**DATA TO EXAMINE**
☆ ☆ ☆ ☆ ☆
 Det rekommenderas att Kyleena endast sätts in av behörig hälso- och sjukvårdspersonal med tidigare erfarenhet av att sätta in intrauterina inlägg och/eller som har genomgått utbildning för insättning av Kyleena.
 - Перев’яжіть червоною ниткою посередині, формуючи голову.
☆ ☆ ☆ ☆ ☆
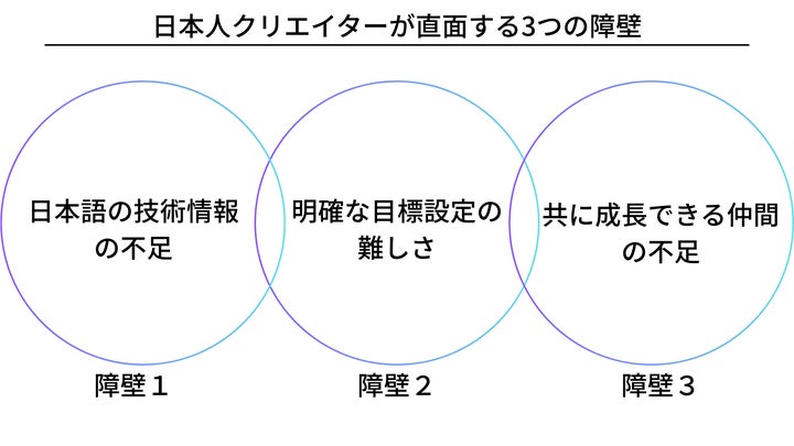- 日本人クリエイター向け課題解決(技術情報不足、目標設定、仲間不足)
☆ ☆ ☆ ☆ ☆
**EXERCISE DESCRIPTION**
From the records above, copy out the line with "Det rekommenderas att", the line with "- Перев’яжіть червоною", and every line between them, word for word.

**WRITTEN REPLY**
 Det rekommenderas att Kyleena endast sätts in av behörig hälso- och sjukvårdspersonal med tidigare erfarenhet av att sätta in intrauterina inlägg och/eller som har genomgått utbildning för insättning av Kyleena.
 - Перев’яжіть червоною ниткою посередині, формуючи голову.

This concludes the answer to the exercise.